Country_name,Time_period,Pct_managed_drinking_water_services,Pct_managed_sanitation_services,Est_population_in_millions,Est_gdp_in_billions
Burundi,2020,70.33,44.33,12.220227,2.65
Djibouti,2020,69.0,56.0,1.090156,3.18
Ethiopia,2020,58.0,11.67,117.190911,107.66
Kenya,2020,67.0,33.67,51.98578,100.67
Madagascar,2020,56.33,13.0,28.225177,13.05
Malawi,2020,74.33,28.67,19.377061,12.18
Mauritius,2020,100.0,96.0,1.26574,11.4
Mayotte,2020,96.0,100.0,,
Mozambique,2020,66.67,40.33,31.178239,14.03
Rwanda,2020,66.33,64.0,13.146362,10.18


## Task 2
Sometimes there are null values in our entries. Any country having Null values for their GDP should not be included in our query as they will not help us determine if there is any correlation between GDP and access to basic services.

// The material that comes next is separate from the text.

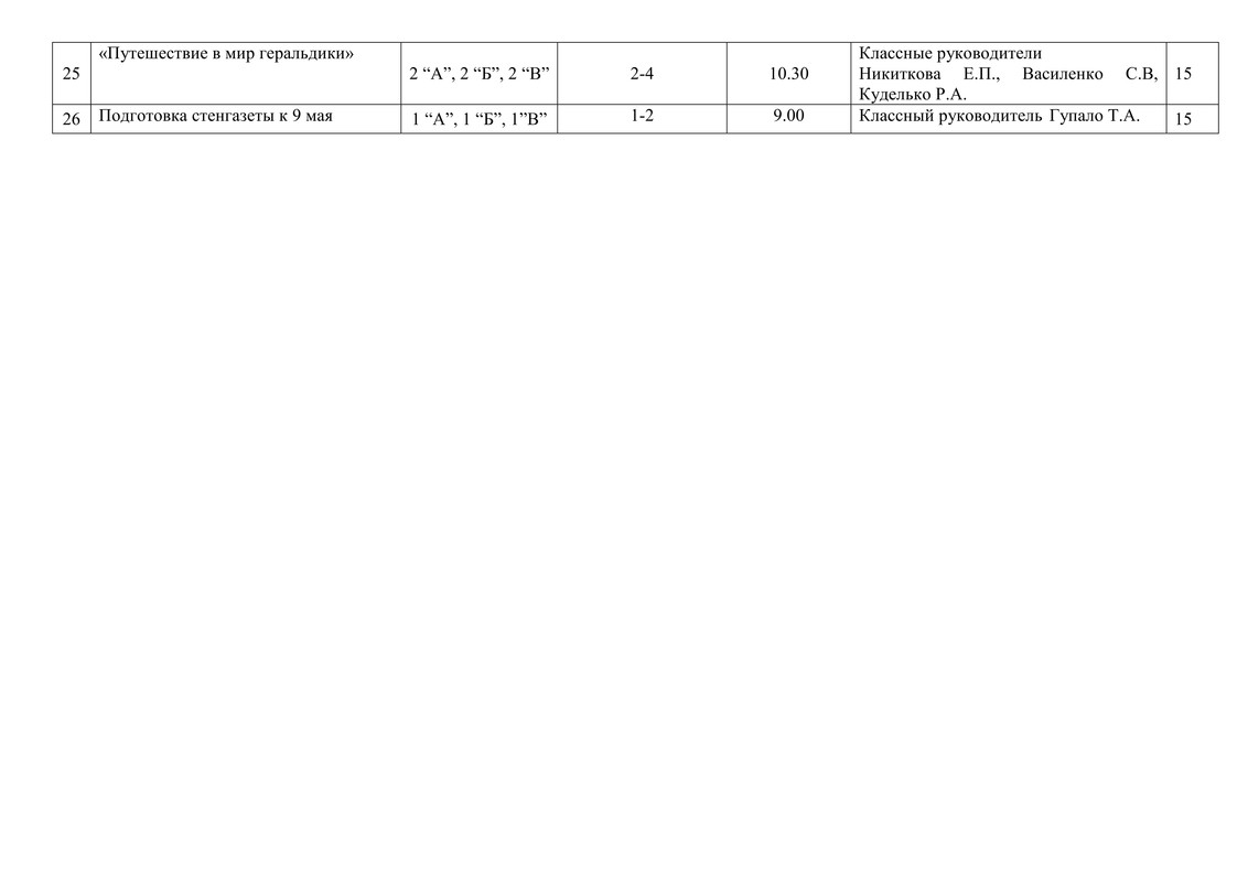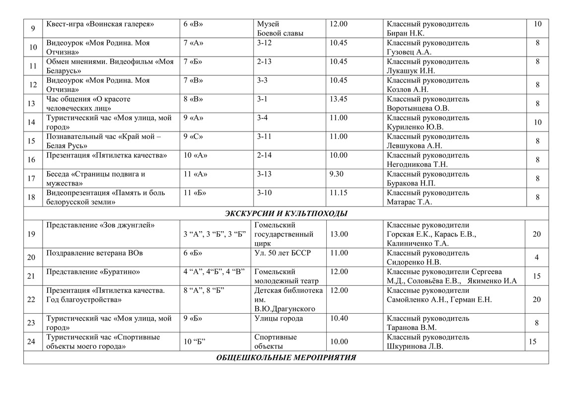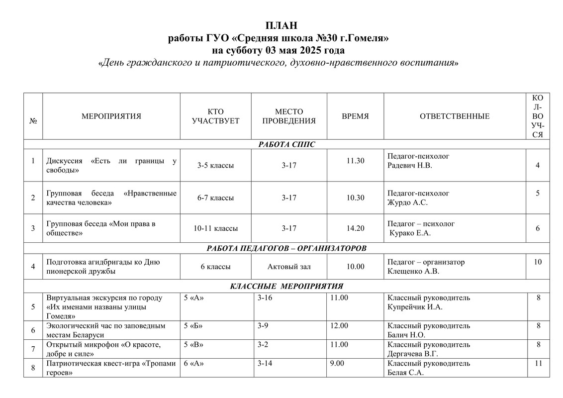 ПЛАН работы ГУО СШ № 30 г. Гомеля на субботу 3 мая 2025 года

For this task determine if there are any NULL values in the GDP column

In [69]:
%%sql

SELECT
	Country_name,
	Time_period,
	Pct_managed_drinking_water_services,
	Pct_managed_sanitation_services,
	Est_gdp_in_billions,
    region
FROM
	united_nations.Access_to_Basic_Services
WHERE
	region = 'Sub-Saharan Africa'
AND
	Time_period = 2020
AND
	Est_gdp_in_billions IS NULL;

 * mysql+pymysql://root:***@localhost:3306/united_nations
9 rows affected.


Country_name,Time_period,Pct_managed_drinking_water_services,Pct_managed_sanitation_services,Est_gdp_in_billions,region
Mayotte,2020,96.0,100.0,,Sub-Saharan Africa
Réunion,2020,100.0,100.0,,Sub-Saharan Africa
South Sudan,2020,48.33,22.33,,Sub-Saharan Africa
United Republic of Tanzania,2020,65.0,34.0,,Sub-Saharan Africa
Congo,2020,69.0,17.67,,Sub-Saharan Africa
Democratic Republic of the Congo,2020,47.67,15.33,,Sub-Saharan Africa
Côte d'Ivoire,2020,70.67,34.67,,Sub-Saharan Africa
Gambia,2020,79.33,44.33,,Sub-Saharan Africa
Saint Helena,2020,99.0,100.0,,Sub-Saharan Africa


## Task 3
If there are any Null values exclude them from your query.

In [68]:
%%sql

SELECT
	Country_name,
	Time_period,
	Pct_managed_drinking_water_services,
	Pct_managed_sanitation_services,
	Est_gdp_in_billions,
    	region
FROM
	united_nations.Access_to_Basic_Services
WHERE
	region = 'Sub-Saharan Africa'
AND
	Time_period = 2020
AND
	Est_gdp_in_billions IS NOT NULL
ORDER BY Est_gdp_in_billions
LIMIT 10;

 * mysql+pymysql://root:***@localhost:3306/united_nations
10 rows affected.


Country_name,Time_period,Pct_managed_drinking_water_services,Pct_managed_sanitation_services,Est_gdp_in_billions,region
Sao Tome and Principe,2020,77.33,46.0,0.47,Sub-Saharan Africa
Guinea-Bissau,2020,60.0,19.33,1.43,Sub-Saharan Africa
Cabo Verde,2020,87.33,78.0,1.7,Sub-Saharan Africa
Lesotho,2020,76.33,49.67,2.23,Sub-Saharan Africa
Central African Republic,2020,38.33,15.0,2.33,Sub-Saharan Africa
Burundi,2020,70.33,44.33,2.65,Sub-Saharan Africa
Liberia,2020,75.0,17.67,3.04,Sub-Saharan Africa
Djibouti,2020,69.0,56.0,3.18,Sub-Saharan Africa
Eswatini,2020,76.67,61.33,3.98,Sub-Saharan Africa
Sierra Leone,2020,65.0,17.33,4.06,Sub-Saharan Africa


## Task 4
Lets get an idea if there's any correlation between the GDP and access to basic services for the top 5 economies in Sub-Saharan Africr. The top 5 GDP's are : ('Nigeria','South Africa','Ethiopia','Kenya','Ghana'). Make sure your query only includes these countries.

In [66]:
%%sql

SELECT
	Country_name,
	Time_period,
	Pct_managed_drinking_water_services,
	Pct_managed_sanitation_services,
	Est_population_in_millions,
	Est_gdp_in_billions
FROM
	united_nations.Access_to_Basic_Services

WHERE
	Region = 'Sub-Saharan Africa'
AND
Time_period = 2020

AND
	Est_gdp_in_billions IS NOT NULL

AND
	Country_name  NOT IN ('Nigeria','South Africa','Ethiopia','Kenya','Ghana')
ORDER BY Est_gdp_in_billions
limit 10;

 * mysql+pymysql://root:***@localhost:3306/united_nations
10 rows affected.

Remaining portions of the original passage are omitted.